Bahaya! Jumlah Satwa di Dunia Turun 60% Akibat Ulah Manusia

Ilustrasi satwa liar. (Reuters/Baz Ratner)
31 Oktober 2018 21:05 WIB Ginanjar Saputra Lifestyle Share :

Solopos.com, SOLOTahukah Anda jika jumlah satwa di dunia turun 60% dalam kurun waktu kurang dari 50 tahun akibat ulah manusia? Hal itu terungkap dalam laporan World Wide Fund (WWF) yang melibatkan 59 ilmuwan dari seluruh dunia.

Direktur Eksekutif Sains dan Konservasi WWF, Mike Barrett, menjelaskan penurunan jumlah satwa yang terdiri atas mamalia, unggas, ikan, dan reptil di seluruh dunia dari 1970 hingga 2018 mencapai angka 60%.

Ia menjelaskan penurunan jumlah satwa itu merupakan suatu bahaya bagi peradaban manusia.

"Ini jauh lebih dari sekadar kehilangan kekayaan alam, ini sebenarnya merupakan bahaya bagi masa depan manusia. Alam bukan untuk dimiliki, alam liar adalah sistem pendukung kehidupan kita," ungkap Barrett seperti dikutip pada The Guardian, Selasa (30/10/2018).

Penurunan jumlah satwa dengan angka yang sangat besar itu terjadi karena beberapa sebab. Faktor ulah manusia yang terus-menerus membasmi habitat satwa liar disebut menjadi faktor terbesar. Selain itu, faktor konsumsi dan pencemaran lingkungan juga memiliki andil besar dalam penurunan jumlah tersebut.

Tahukah Anda satwa di habitat mana yang paling besar mengalami penurunan?

Barrett menjelaskan habitat yang mengalami kerusakan terbesar adalah sungai dan danau.
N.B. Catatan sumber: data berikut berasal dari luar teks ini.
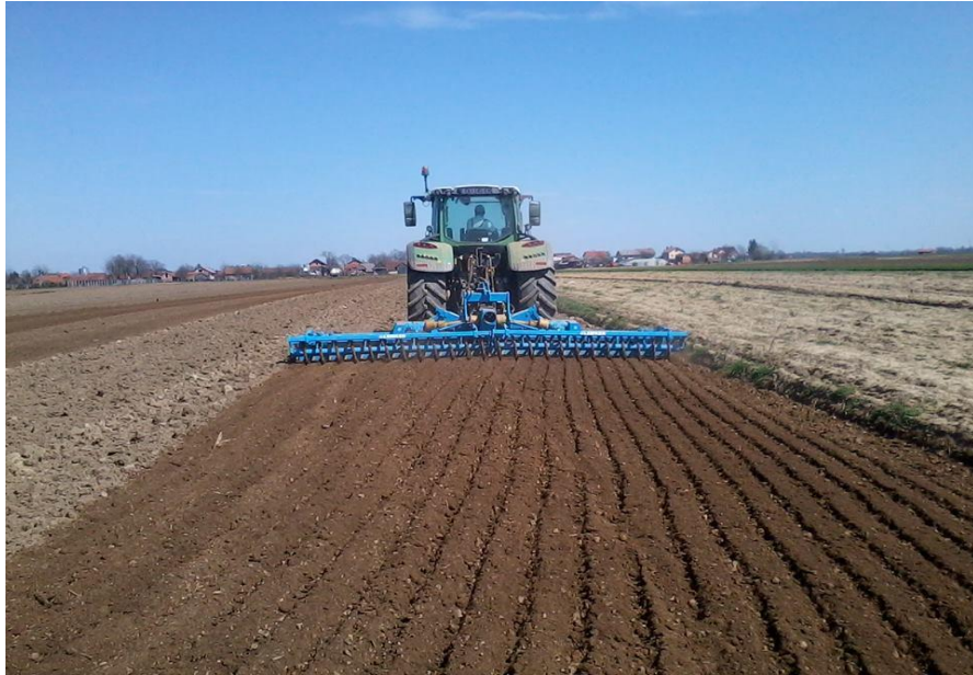
Slika 9. Predsjetvena priprema tla

Zupci kod rotodrljača (Slika 10.) horizontalno rotiraju u sjetvenom sloju što je važno jer se time smanjuje stvaranje pokorice, koja je nepoželjna. Primjena rotodrljača nije moguća kod prevelike vlažnosti tla iz tog razloga što se sjetveni sloj ne prorahli već ostaju grude koje ometaju sadnju i stvaranje humaka.

Di dua habitat tersebut, penurunan jumlah satwa liar mencapai angka 83%. Pembukaan lahan pertanian dan pembuatan bendungan menjadi faktor penyebab rusaknya habitat satwa liar di sungai dan danau.

"Sekali lagi ada hubungan langsung antara sistem pangan dan penipisan satwa liar. Mengurangi konsumsi daging merupakan solusi untuk mengembalikan jumlah satwa," kata Barrett.

Solusi

Kini, negara-negara di dunia sedang bekerja keras untuk mencari solusi atas masalah penurunan jumlah satwa itu dan membicarakannya dalam Konvensi PBB tentang Keanekaragaman Hayati pada 2020 mendatang.

Barrett menyebut Konvensi PBB itu adalah kesempatan terakhir untuk mengembalikan keseimbangan alam di Bumi.

"Kami membutuhkan kesepakatan global baru untuk alam dan manusia. Kami memiliki waktu sempit karena kurang dari dua tahun kesepakatan itu akan dibuat. Ini benar-benar kesempatan terakhir. Kami harus melakukannya dengan benar kali ini," tutup direktur eksekutif sains dan konservasi WWF tersebut.